The team examined the geological context of canyonland RSL sites and also calculated how much water would need to be present if the streaks are due to liquid water seeping through a thin surface layer to darken the ground.
Many of the sites where RSLs were previously identified are on inner walls of impact craters. At that type of site, a conceivable explanation could be that an extensive underground layer holding water was punctured by the crater-forming impact long ago and still feeds warm-season flows.
If it is seeping water that darkens RSLs, the amount of liquid water required each year to form the streaks in the studied portion of Valles Marineris would total about 10 to 40 Olympic-size swimming pools (about 30,000 to 100,000 cubic metres), the researchers estimate.
However, no such underground layer fits the ridge or peak shapes at several of the RSL sites in the new study.
Another possible mechanism previously proposed for RSLs is that some types of salts so strongly pull water vapour out of the Martian atmosphere that liquid brine forms at the ground surface.

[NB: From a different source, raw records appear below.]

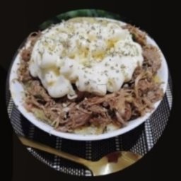 Batata recheada no pote com costela desfiada, acompanhada de requeijão e mussarela. 500 g
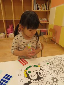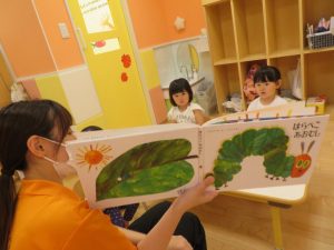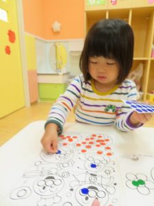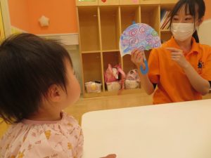 保育士が筆で色を塗っていくのを、目を輝かせながらじっと見つめていました![]()
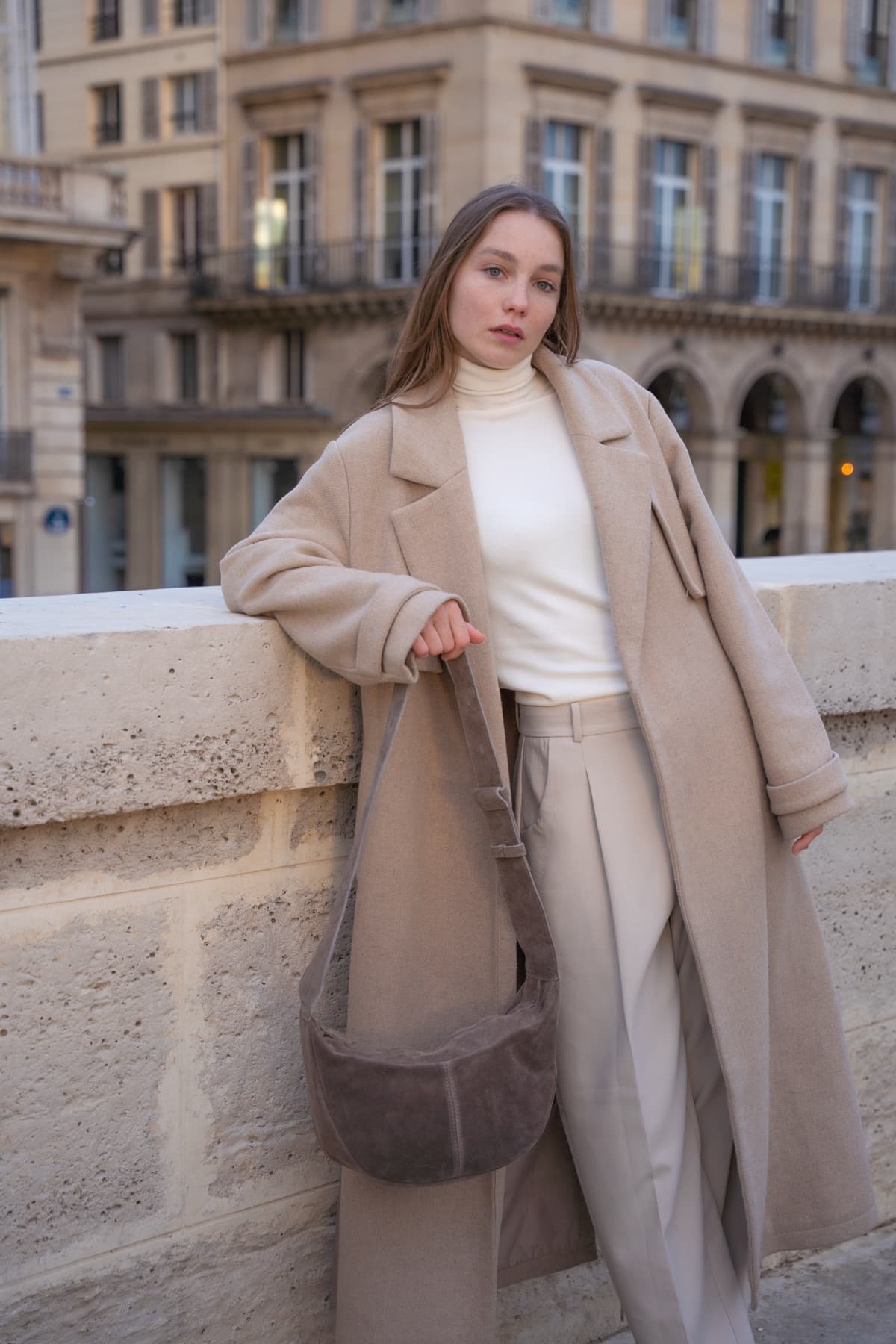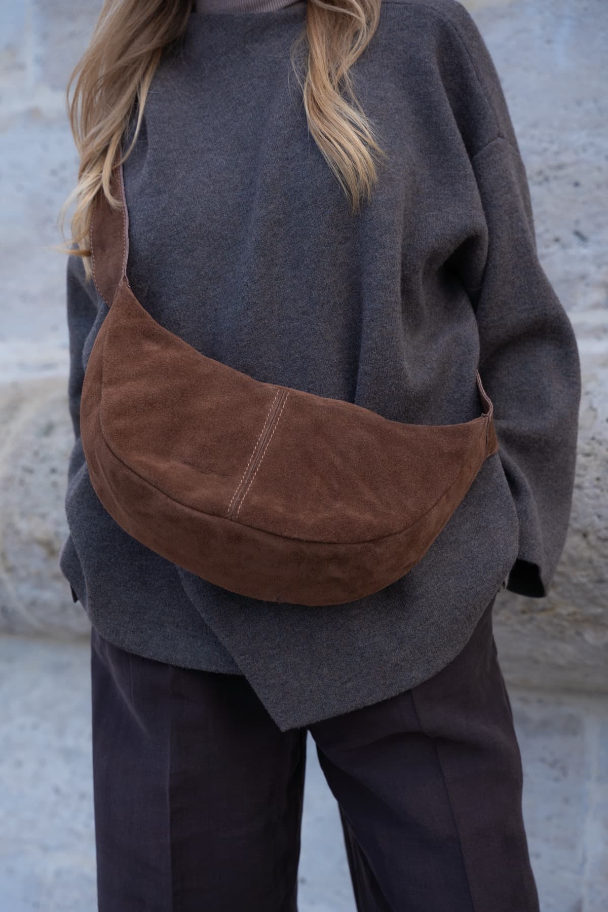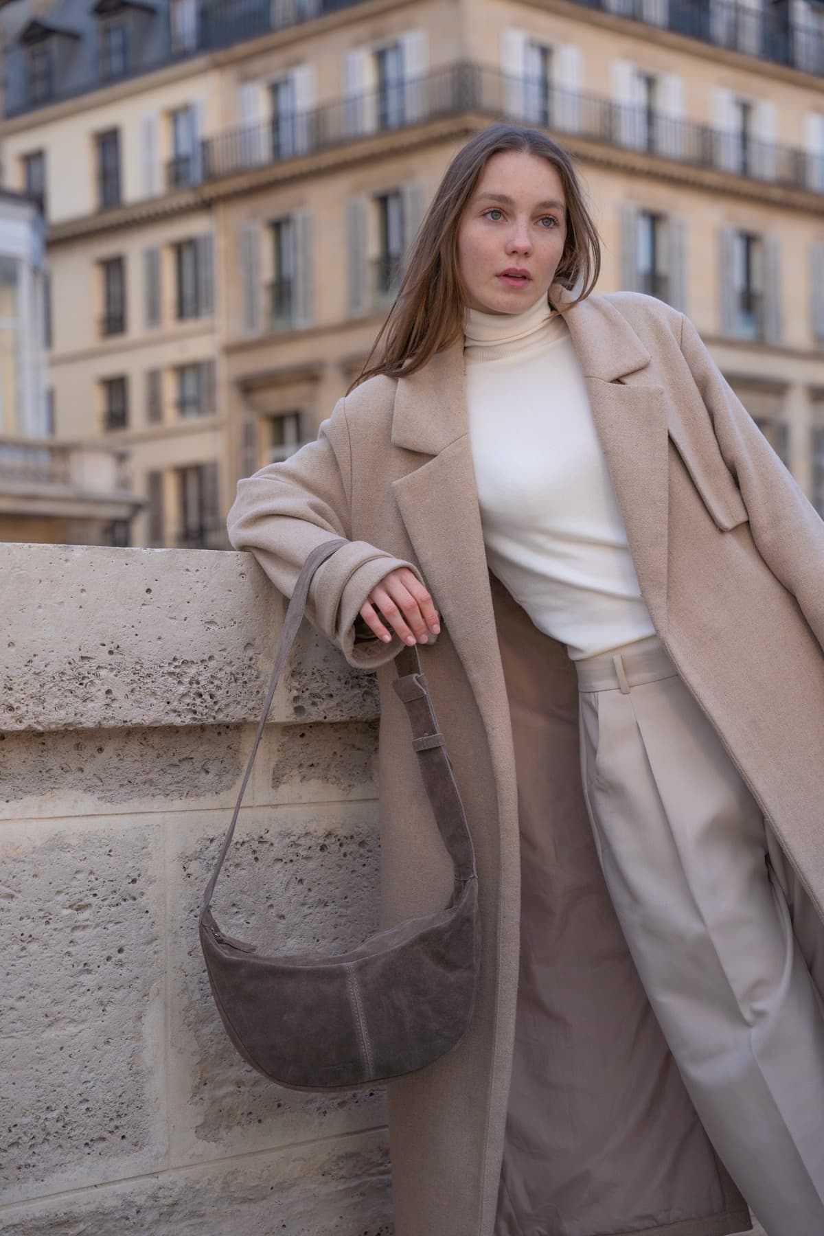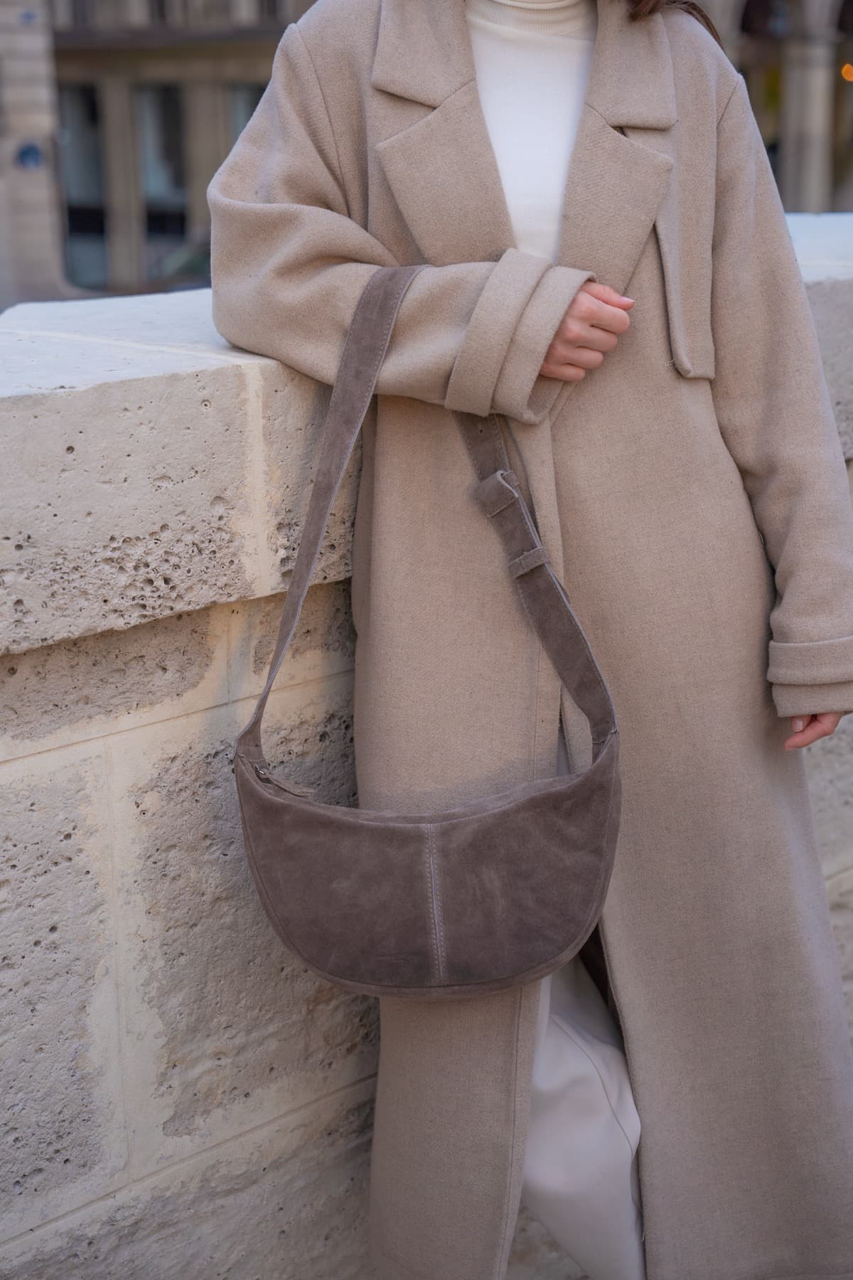 Découvrez ce sac HELSA en cuir de vachette suède, icône minimaliste d’un mode de vie en mouvement. Sa sangle ajustable permet un double porté épaule ou en bandoulière. HELSA a été pensé pour l’essentiel, il contient deux pochettes intérieures dans la doublure du sac, dont une zippée. Dimensions : L 33 cm x H 16 cm.

The new study results, reported recently by NASA, bolsters the link between RSL and salts. Some sites bear bright, persistent streaks near the dark, seasonal ones. The bright streaks might result from salt left behind after evaporation of brine.
"There do seem to be more ways atmosphere and surface interact in the canyons than in blander topography, such as clouds trailing out of the canyons and low-lying haze in the canyons," Chojnacki said.
Another factor added by the new study is that RSLs not only darken the surface, but are also associated with material moving downslope. The research documents slumping and other three-dimensional changes at some RSL sites, occurring seasonally in tandem with the streaks.